Ihr gefror das Blut in den Adern, und die Panik nahm ihr den Atem. Die Zeit schien stillzustehen, gleichzeitig verschluckte das kalte, stinkende Wasser ihren Wagen rasend schnell. Gott, sie musste doch irgendetwas tun können, um sich zu retten! Aber ihr Verstand verweigerte die Arbeit.

Sie sah Clems wunderschönes Gesicht vor sich, ihre strahlend blauen Augen und das schelmische Grinsen, während das Auto immer tiefer ins Wasser rutschte. Wasser bedeckte ihre Füße und durchnässte ihre Jeans. Während es ihr an den Oberschenkeln hinaufstieg, meinte sie Clems Arme um ihren Hals zu fühlen, ihren sanften Atem auf ihrer Wange.

Öffne verdammt noch mal das Fenster!

Die Stimme in ihrem Kopf stammte aus der Vergangenheit, doch der Tonfall war streng und fordernd. Vivi schlug abrupt auf den Fensterheber, und die Scheibe wurde heruntergefahren. Eine harte Welle traf sie von der Seite, doch sie hatte den Eindruck, eine kräftige Hand auf ihrer Schulter zu spüren und eine beruhigende Präsenz.

Du schaffst das. Bleib einfach ruhig.

Warum hörte sie Camden McNeals Stimme in ihrem Kopf? Sie sah zum Beifahrersitz, erwartete fast, den attraktiven Bohrinselarbeiter dort sitzen zu sehen, groß und muskulös und so verdammt sexy.
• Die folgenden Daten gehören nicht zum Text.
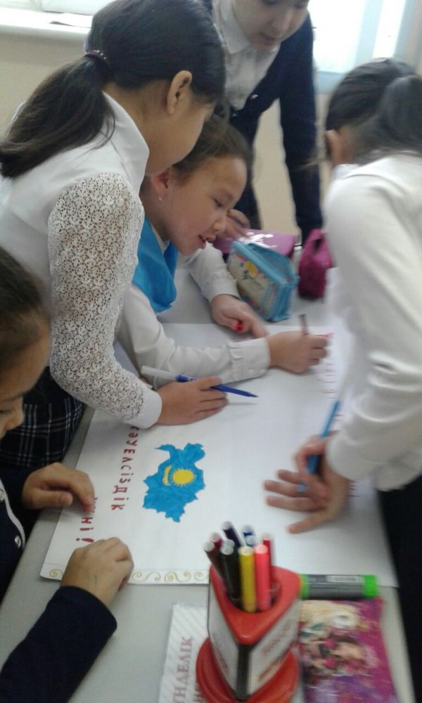 №77 мектеп-балабақша кешенінде Қазақстан Республикасы Тәуелсіздігінің 25 жылдығына арналған  «25 жұлдызды күн»  акциясы аясында 10-А; Ә сыныптарында «Ядролық қарусыз әлем…
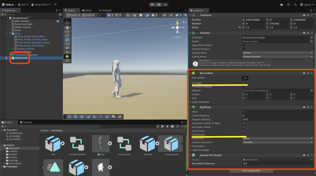 - 怪物必須有 Collider(Is Trigger)和 Rigidbody(isKinematic = true)。
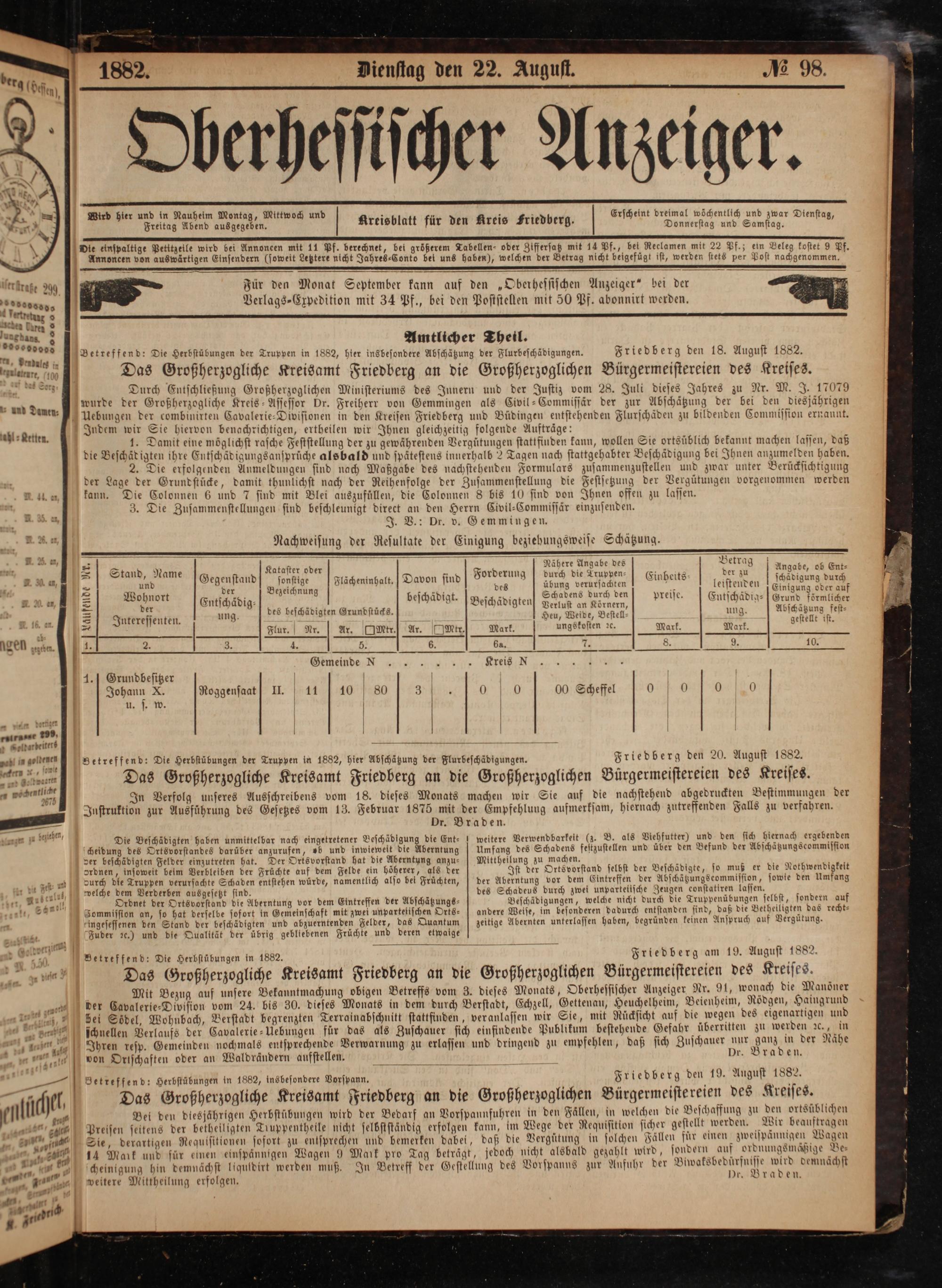 Amtlicher Theil. Betreffend: Die Herbstübungen der Truppen in 1882, hier insbesondere Abschätzung der Flurbeschädigungen. Friedberg den 18. August 1882. Das Großherzogliche Kreisamt Friedberg an die Großherzoglichen Bürgermeistereien des Kreises. Durch Entschließung Großherzoglichen Ministeriums des Innern und der Justiz vom 28. Juli dieses Jahres zu Nr. M. J. 17079 wurde der Großherzogliche Kreis-Assessor Pr. Freiherr von Gemmingen als Civil-Commissär der zur Abschatzung der bei den diesjährigen Uebungen der combinirten Cavalerie-Divisionen in den Kreisen Friedberg und Büdingen entstehenden Flurschäden zu bildenden Commission ernannt. Indem wir Sie hiervon benachrichtigen, ertheilen wir Ihnen gleichzeitig folgende Auftraͤge: 1. Damit eine möglichst rasche Feststellung der zu gewährenden Vergütungen stattfinden kann, wollen Sie ortsüblich bekannt machen lassen, daß die Beschädigten ihre Entschädigungsansprüche alsbald und spätestens innerhalb 2 Tagen nach stattgehabter Beschädigung bei Ihnen anzumelden haben. 2. Die erfolgenden Anmeldungen sind nach Maßgabe des nachstehenden Formulars zusammenzustellen und zwar unter Berücksichtigung der Lage der Grundstücke, damit thunlichst nach der Reihenfolge der Zusammenstellung die Festsetzung der Vergütungen vorgenommen werden kann. Die Colonnen 6 und 7 sind mit Blei auszufüllen, die Colonnen 8 bis 10 sind von Ihnen offen zu lassen. 3. Die Zusammenstellungen sind beschleunigt direct an den Herrn Civil-Commissär einzusenden. J. V.: Dr. v. Gemmingen.

Atme tief ein … Und noch mal …

Das Wasser erreichte ihr Kinn, und Schlamm besprenkelte ihre Lippen. Vivi atmete erneut tief ein, ehe das Wasser über sie hinwegschwappte.

Halt dich am Lenkrad fest, und schnall dich ab …

Sie drückte den Knopf, und der Gurt war lose. Nun, da sie nicht mehr am Sitz festgeschnallt war, prasselte das Wasser förmlich auf sie ein. Ihr Magen zog sich zusammen, und ihr Verstand setzte aus. Ein Zweig kratzte ihr übers Gesicht, und Vivi schloss die Augen. Welchen Zweck hatte es noch, sie offen zu lassen? Sie konnte sowieso nichts sehen.

In ihr erwachte der Überlebensinstinkt, während sie gegen den Drang ankämpfte, einzuatmen. Sie musste überleben. Sie hatte ein kleines Mädchen großzuziehen. Fest entschlossen packte sie den Fensterrahmen und kämpfte gegen das Wasser an, die Füße auf die Mittelkonsole gestützt. Sie versuchte, sich durch das Fenster zu schieben – doch es war, als würde sie gegen eine Wand drücken.

Warte fünf Sekunden, und versuch es dann noch einmal.

Ich habe keine fünf Sekunden, verdammt, schrie Vivi gedanklich.

Doch, natürlich hast du die.

Vivi verfluchte ihn, während sie sich immer noch am Rahmen des Wagens festklammerte. Eins, zwei – Gott, sie brauchte Luft. Sie konnte nicht länger warten.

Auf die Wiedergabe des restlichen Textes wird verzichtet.